Forex Forecast for the week November 16-20, 2015:
The price of gold against the dollar XAU / USD forecast for the week
Rate of gold last week, has set a new low for the past five and a half years, and now the price of metal hanging threat reduction to around $ 1000 / oz. Come to this price for the new week? Probably not, but in December, gold may test this level. The current market situation shows that gold should trade only on sales. Open long positions now quite risky. Sales in the oil market that we have seen in the past two trading weeks, will put downward pressure on inflation expectations in the G-7 countries.
This factor is a negative for the stock of gold, as investors have traditionally used the asset as a means of hedging inflation risks. And since there is no inflation, then there is no need to buy the precious metal. It should also be noted that currently the oil factors, which could change the negative trend in the oil market. Stocks in the US rose for seven consecutive weeks, the amount of oil is in the three-month high, despite the high reduction in the number of drilling rigs operating. OPEC is not going to cut oil production and more than that, Saudi Arabia offer its customers some black gold at a discount to market prices. IEA has reported last Friday that crude oil inventories in the world make a record 3 billion. Barrels blame high volume production in Iraq, Russia and Saudi Arabia. Thus, the correlation between gold and the "black gold" in the medium term will be high enough and you can expect a decrease in quotations of both commodities. However, at the beginning of the trading week should expect growth of quotations of precious metal amid increasing geopolitical risks due to terrorist attacks in France.
Recommendations for gold: Traders in the new week is to sell Sell at XAU / USD to rise in prices of gold in 1105/1135 and take on 1078.
Forecast XPT / USD and XPD / USD:
At the beginning of the new week, traders should wait for the predominance of "bullish" on both metals on profit taking on short positions. Last week, platinum and palladium were among the leaders of the decline in the commodity market. Car sales at the end of October, the US and China rose to its highest level in five months, which is a positive factor for the platinum group metals. It presents the basic auto industry demand for metals and the growth of this sector will deter "Bears" from active sales. In this connection, we can expect growth of quotations on the XPT / USD to 920/945 and XPD / USD to 590/610. Further, in my opinion, the market will come back, "bears", which again will increase short positions at attractive levels. Positive economic data from the United States reinforces expectations of starting a cycle of raising interest rates by the US Federal Reserve.92% of academic economists, who were interrogated by the authoritative edition of The Wall Street Journal, expected to increase in the federal funds rate on 16 December of the current year. Investors open long positions on the Dollar Index (USDX) on short-term correction, based on the continuation of the upward trend of the US currency. This factor, in turn, is negative for metals, since their value is denominated in dollars.

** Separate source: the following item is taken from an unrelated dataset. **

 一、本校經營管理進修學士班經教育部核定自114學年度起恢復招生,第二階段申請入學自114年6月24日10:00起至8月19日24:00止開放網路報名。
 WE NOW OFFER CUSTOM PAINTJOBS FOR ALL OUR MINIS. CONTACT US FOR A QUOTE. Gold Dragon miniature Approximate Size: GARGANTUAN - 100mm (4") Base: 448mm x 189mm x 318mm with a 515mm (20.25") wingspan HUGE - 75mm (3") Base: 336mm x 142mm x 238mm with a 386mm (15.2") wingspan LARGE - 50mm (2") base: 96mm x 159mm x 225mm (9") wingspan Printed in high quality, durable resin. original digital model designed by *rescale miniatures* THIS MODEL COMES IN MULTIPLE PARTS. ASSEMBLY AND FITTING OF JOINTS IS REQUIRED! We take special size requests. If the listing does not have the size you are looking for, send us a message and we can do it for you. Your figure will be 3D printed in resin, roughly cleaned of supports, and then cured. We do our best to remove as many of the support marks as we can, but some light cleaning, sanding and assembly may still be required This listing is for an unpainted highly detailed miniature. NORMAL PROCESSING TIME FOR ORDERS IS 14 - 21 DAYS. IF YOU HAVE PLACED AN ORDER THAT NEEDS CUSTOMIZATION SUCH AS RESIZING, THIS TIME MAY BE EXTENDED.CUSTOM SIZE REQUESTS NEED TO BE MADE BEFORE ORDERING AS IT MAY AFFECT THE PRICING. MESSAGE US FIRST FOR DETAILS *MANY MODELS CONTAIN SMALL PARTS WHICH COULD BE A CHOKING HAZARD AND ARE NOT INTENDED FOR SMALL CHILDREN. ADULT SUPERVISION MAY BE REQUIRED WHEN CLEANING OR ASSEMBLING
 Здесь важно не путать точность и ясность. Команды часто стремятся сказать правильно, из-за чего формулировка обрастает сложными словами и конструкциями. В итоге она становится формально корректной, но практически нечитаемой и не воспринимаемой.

Recommendations for platinoids: Traders in the new week on the platinum group metals should not expect range trading XPT / USD within a range of 850 -910, and the flat for XPD / USD within a range of 531 -600.
Forecast futures on the S & P500 in the week
Traders on the index of the new week, there are two reasons for the predominance of waiting bullish sentiment.
First, players will continue to take profits on long positions. In the period from September 27 to November 6 quotes grew sales 6 consecutive weeks and once representatives FOMC began to declare a high probability of raising interest rates at the December meeting - investors have begun to actively sell securities in the US stock market. It is quite reasonable to take profits after a 13% rise in share price, and not to take on more risk.Moreover, the negative trend in the last five days was observed in all the world's leading stock markets, indicating that the global profit-taking, which usually lasts a few weeks, because the portfolio managers out of the position gradually, so as not to cause a rapid drop in prices.
Secondly, against the background of a significant imbalance between demand and supply in the global market for oil is also necessary to wait for lower prices that will have a negative impact on the resource sector of the US stock market and will help to reduce the stock indexes. But there is also a positive factor for the US stock market. Bearish sentiment in the commodities market in general and gold in particular have traditionally support stock markets. Against this background, it is not necessary to wait for a strong and rapid decline in quotations for the new week.
Recommendations for futures SP500: Traders in the new week is to sell Sell at S & P500 in the rise in prices for 2042/2065 and Target at the level of 2005.